The traditional method for flagging fraud is rule-based. For example, if a credit card company sees a really big transaction with a new customer, it denies it. With graph technology coupled with AI/ML, however, you can go as deep as you need to find a sequence or pattern of different interactions, such as a group of otherwise unrelated people sharing the same IP addresses. The deeper you go, the more accurately you can spot real fraud without false positives and detect anomalies that might otherwise be missed.

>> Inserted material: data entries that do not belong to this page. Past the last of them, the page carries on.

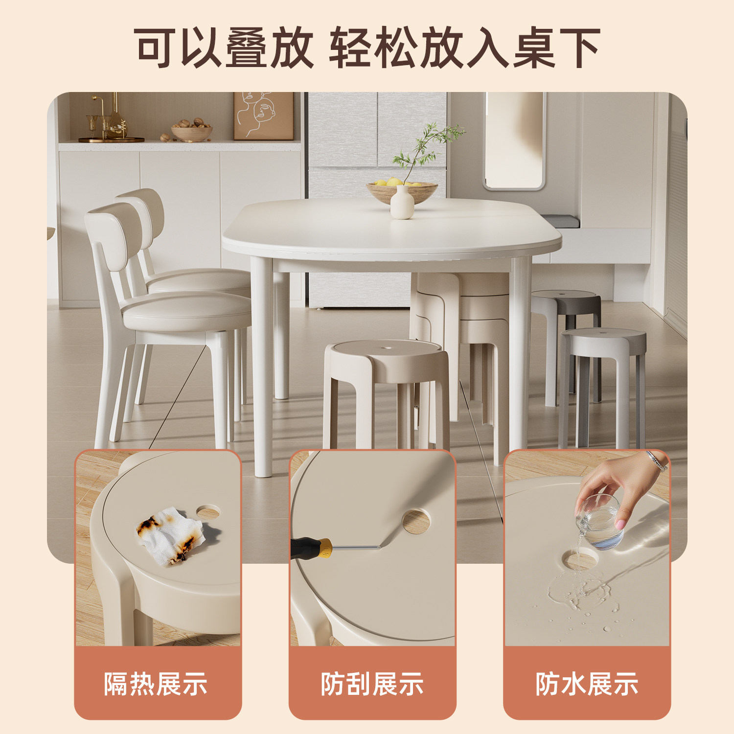 三梦塑料凳子家用加厚可叠放软包圆凳餐桌备用高板凳中古简约椅子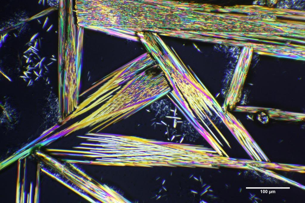 die Experten werden es sicher sofort sehen? Das erste Bild zeigt was sich sublimiert hat am gegenüberliegenden Objektträger (x16, POL), zwei und drei das was sich an der Ursprungssubstanz abgesetzt hat im Auflicht...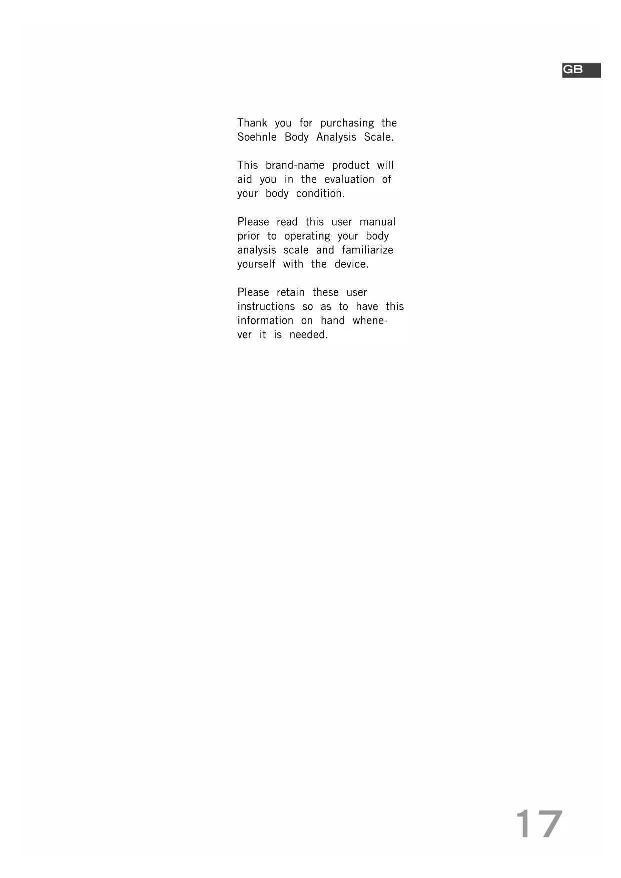 BA63721slimF5_120863_V10.qxd:BA63721slimF5_120863_V9.qxd 05.01.2010 13:20 Uhr Seite 16Thank you for purchasing the Soehnle Body Analysis Scale. This brand-name product will aid you in the evaluation of your body condition. Please read this user manual prior to operating your body analysis scale and familiarize yourself with the device. Please retain these user instructions so as to have this information on hand whene- ver it is needed.

JPMorgan Chase and Intuit are two examples of prominent financial services companies that have adopted graph databases to enhance their fraud detection efforts.
3. Health Care
UnitedHealth Group (UHG), the world’s largest health-care company by revenue, uses a graph database to help improve quality of care to more than 26 million members, while reducing costs. UHG uses a massive graph database to track more than 120 billion relationships among members, providers, claims, visits, prescriptions, procedures and more.
UHG has developed various applications atop its massive graph database that, among other benefits, provide a consolidated view of member interactions between physicians, pharmacies, clinical labs, health advisers, and UHG itself.
4. Smoother Supply Chains
The name of the game in supply chain management is reducing the risk of operational disruption, increasing site reliability, improving supplier relationship management and managing plant operations cost-effectively.

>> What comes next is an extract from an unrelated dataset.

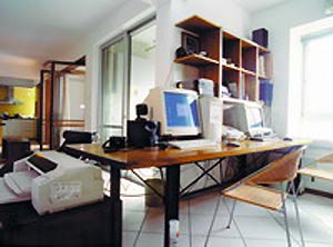 因为男女主人都是从事设计工作,自由的工作性质让他们有比其他人更多的时间在家里做SOHO一族,工作区同样也就成了家居中极为重要的一部分。于是,他们以工作区为中心,周围是开放式的厨房、客房、小书房,开放的空间更适合交流,一个很职业的工作区域也让居家与工作这两种状态转换起来更灵活自如。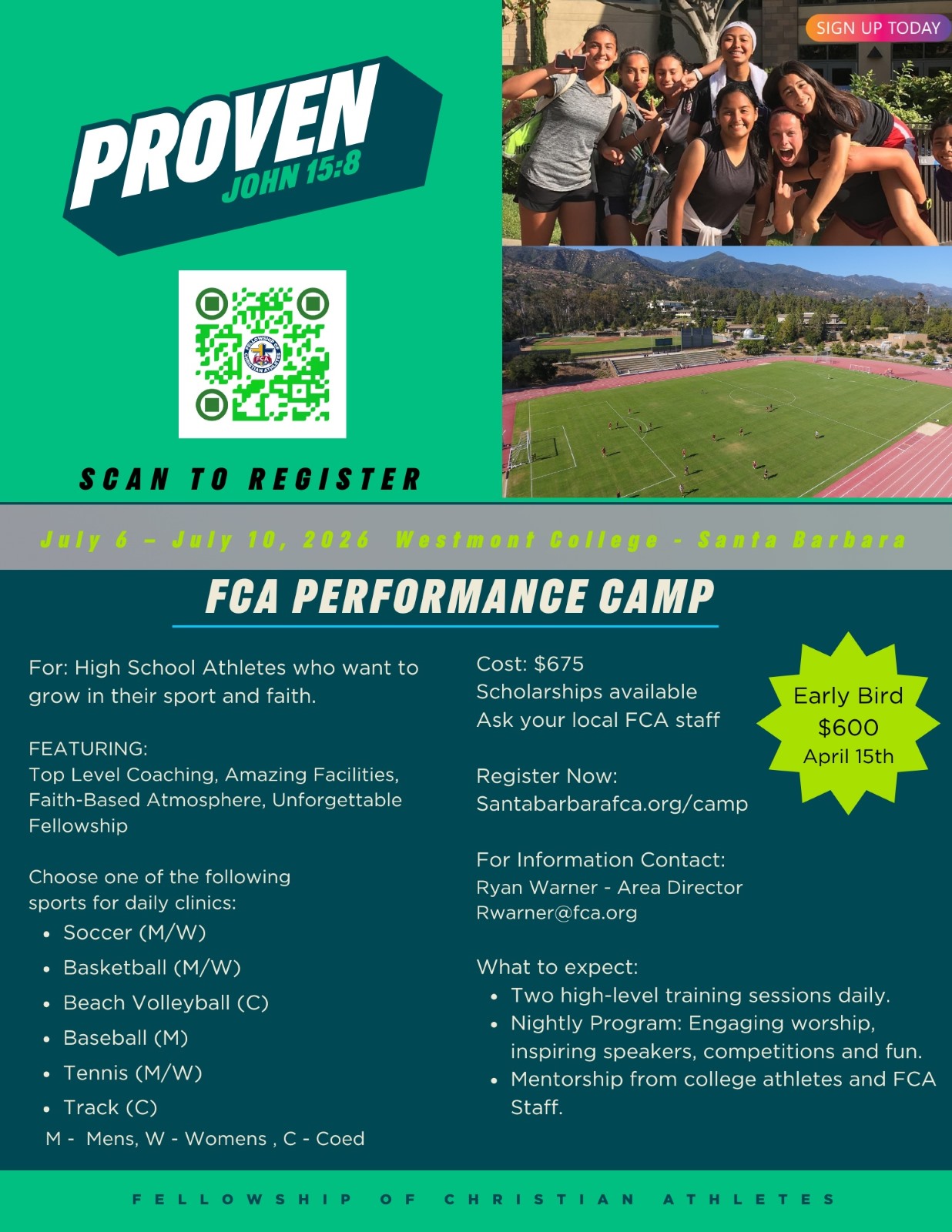 - Mentorship from college athletes and FCA staff.

Many organizations have been able to gather most of the needed data, but their traditional analytic technologies have proven to be too slow, too expensive and generally incapable of analyzing the massive volume of partner, route, transaction and other data stored across various locations, formats and protocols. Most of the traditional supply chain analytics solutions are built on relational databases.

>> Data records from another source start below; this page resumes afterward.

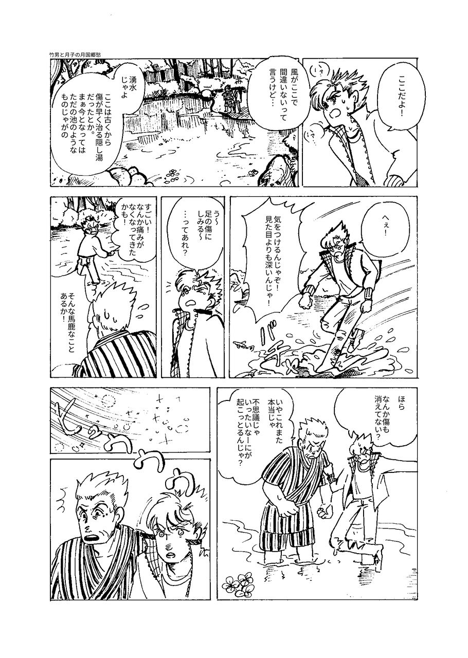 2019年12月28日 12月26日第6章「心」その23 漫画 竹男と月子の月国郷愁プロローグへ第一章「蚕の衣を纏った白うさぎ」へ第二章「書物に宿るモノ」へ第三章「待ち人」へ第四章「消えない痛み」へ第五章「ひとりじゃない」へ第六章「心」その1 その2 その3 その4 その5 その6 その7 その8 その9 その10その11 その12 その13 その14 その15 その16 その17 その18その19 その20 その21 その22 その23 <154・155ページ目>深く暗い水の中で一人待つヤトの元へ行く竹男と月子。月子の言葉に、ヤトはついに心を開く。優しく抱きしめられるヤト、そして・・・。次回に続く!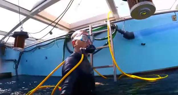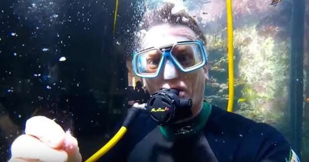 A man has built a giant 30,000 litre aquarium in his living room – which is so big he can get in the water and swim around with the fish .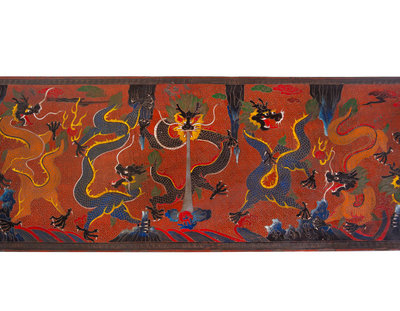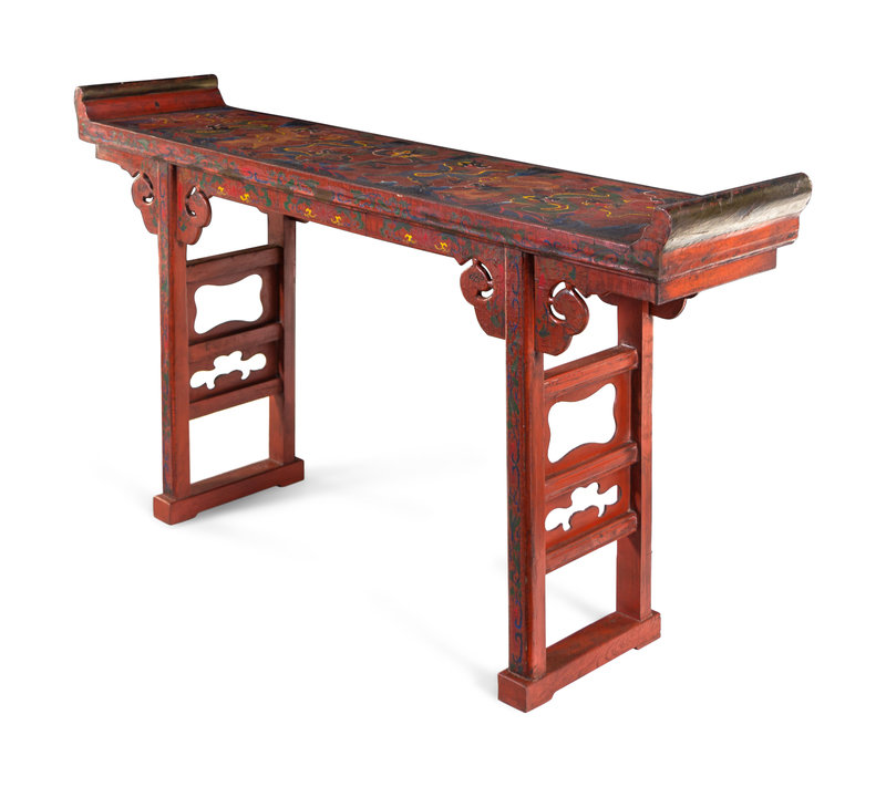 the table with a rectangular top panel decorated with dragons in various colors, all on a ground of repeated geometric patterns.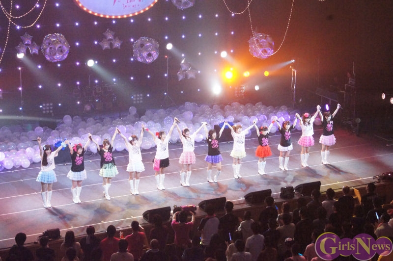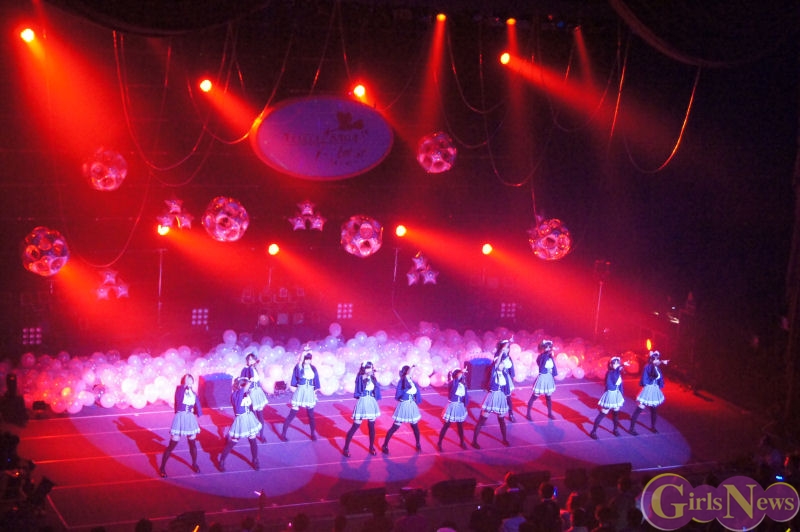新曲のカップリングとなる「エシカル~ありがとうを伝えたい~」では、ステージに登場すると思いきや、なんとアフィリア・サーガ・イーストのメンバーは会場の後方から新曲の女の子らしいふわふわのスカートの新衣装で登場。歌いながら、客席の通路を歩き 間近で新曲を熱唱し先輩との距離を縮めていた。

Jaguar Land Rover (JLR) exemplifies how a graph database solution can span the many data silos that needed to be tapped for supply chain analysis and explore the web of relationships among data elements. Some key supply chain-planning queries at the company now take 45 minutes instead of weeks and, more importantly, management can ask questions of data it never could before.
5. Improved Online Retail Operations
Retail e-commerce firms face intense competitive pressure to deliver better customer experiences built on accurate customer details and purchase histories. Early recommendation engines, though breakthroughs at the time, simply looked at a couple of connected data points when making suggestions. They typically used snapshots of days-old data and lacked the real-time modeling and nuanced profiling needed today.
Today’s graph databases offer vast improvement. They can consider an array of possible relationships — such as between customers and payment methods, customers and brands, products and return rates, promotions and sell-through rates, and a whole lot more — in real time to align with the constantly changing profiles of the customer base and produce more engaging and personalized recommendations.
These are just a few of the most common uses for graph databases. The common denominator is this: By putting data in the shape of a graph, organizations can solve complex analytical problems from a relationship perspective, at scale, with speed.